1

EDIT: I know how to do this. I'm not looking for a solution, I'm looking for a process or existing program recommendation before I take the time to write something myself in some scripting language.

I have some HTML files in various directories which all have a similar structure:

<html>
    <head>...</head>
    <body>
        <nav>...</nav>
        <section>...</section>
    </body>
</html>

I'd like to programmatically replace HTML sections with other sections (e.g. replace the <nav> block with a different nav block [specified in a file of my choosing]) for all the files I specify.

I think the ideal solution would be some sort of tool using lxml or something similar in Python, but if there were an easy way to do it with *nixy tools, or an existing program to do this, I'd be happy to do that instead of putting together a script.

Isaac
  • 15,783
  • 9
  • 53
  • 76
  • 2
    If you're comfortable with regular expressions, then something using [`sed`](http://en.wikipedia.org/wiki/Sed) might work. – Aya Apr 25 '13 at 13:12
  • post your attempt thus far, or you most likely won't be getting other peoples' attempts in each of those languages – jamylak Apr 25 '13 at 13:12
  • the best you can - master it with python's HTML library. Depends on your html, but in the general - html is not parseable with regex. (maybe, your input is possible). for the evocation you can use `find . -name \*.html -exec your_python_script {} \;` – clt60 Apr 25 '13 at 13:21
  • I'm not looking for a solution, I'm looking for process recommendation. I edited my question to make that clear. – Isaac Apr 25 '13 at 14:02
  • 1
    Please do not [use regular expressions to parse HTML](http://stackoverflow.com/questions/1732348/regex-match-open-tags-except-xhtml-self-contained-tags).

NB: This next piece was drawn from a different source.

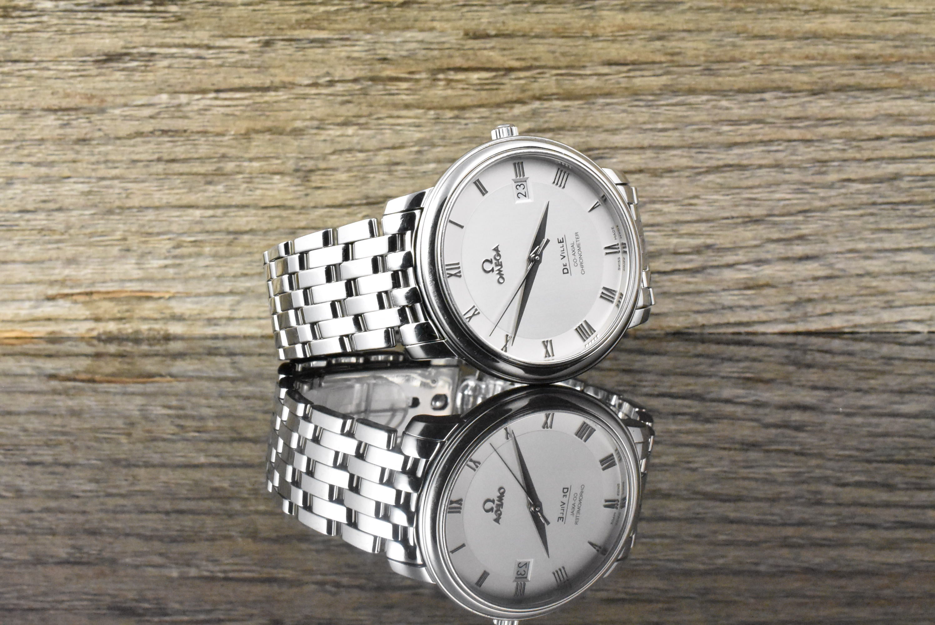 An alle Freunde des guten Geschmacks, angeboten wird eine schöne unpolierte Omega De Ville Prestige Co-Axial 37MM Silver Referenz 4574.31.00 am Stahl Armband aus dem Jahr 2012 mit Box & Papieren!

This is a very bad idea and anyone who suggests it is creating a world of hurt for someone. – tadman Apr 25 '13 at 14:35
  • "I know how to do this. I'm not looking for a solution, I'm looking for a process or existing program recommendation..." Then, you don't know how to do it really, otherwise you would understand that the problem is much too big and varied for a `sed` or any other string processing tool or "existing script", and, even if you got something to work it would be fragile. Even a `lxml`-type command-line tool won't do it because specifying the process for the tags you want to target, especially if there are multiple similar tags, would put you squarely into scripting, so you might as well begin there. – the Tin Man Apr 25 '13 at 14:52
  • Try typing `nokogiri -h` at the command prompt. I think you'll find the command-line interface of any tool like this is not flexible enough to do anything beyond a simple search and replace. – the Tin Man Apr 25 '13 at 17:35

3 Answers3

3

You might be able to use BeautifulSoup for Python like so.

import BeautifulSoup

soup = BeautifulSoup.BeautifulSoup(htmldata)
nav = soup.find("nav")
nav.name = "new name"

For example:

import BeautifulSoup

html_data = "<nav>Some text</nav>"
soup = BeautifulSoup.BeautifulSoup(html_data)
nav = soup.find("nav")
nav.name = "nav2"

Will change: <nav></nav> to <nav2></nav2>

Shannon Rothe
  • 1,112
  • 5
  • 15
  • 26
  • Thank you. I should have made myself clearer—I'm not looking for code to do this, I'm just trying to find the best tool or an existing script that does this. – Isaac Apr 25 '13 at 14:03
  • No worries—I gave you a +1 anyways! It could be helpful to someone coming along looking for something similar, and now we've got a Python and Ruby library listed. – Isaac Apr 25 '13 at 16:24
3

Don't use regex or string parsing. Those will only make your head hurt. Use a parser.

In Ruby I'd use Nokogiri:

require 'nokogiri'

html = '
<html>
  <body>
    <nav>...</nav>
    <section>...</section>
  </body>
</html>
'
doc = Nokogiri::HTML(html)

nav = doc.at('nav').content = "this is a new block"
puts doc.to_html

Which outputs:

<!DOCTYPE html PUBLIC "-//W3C//DTD HTML 4.0 Transitional//EN" "http://www.w3.org/TR/REC-html40/loose.dtd">
<html><body>
    <nav>this is a new block</nav><section>...</section>
</body></html>

Of course you'd want to replace "this is a new block" with something like File.read('snippet.html').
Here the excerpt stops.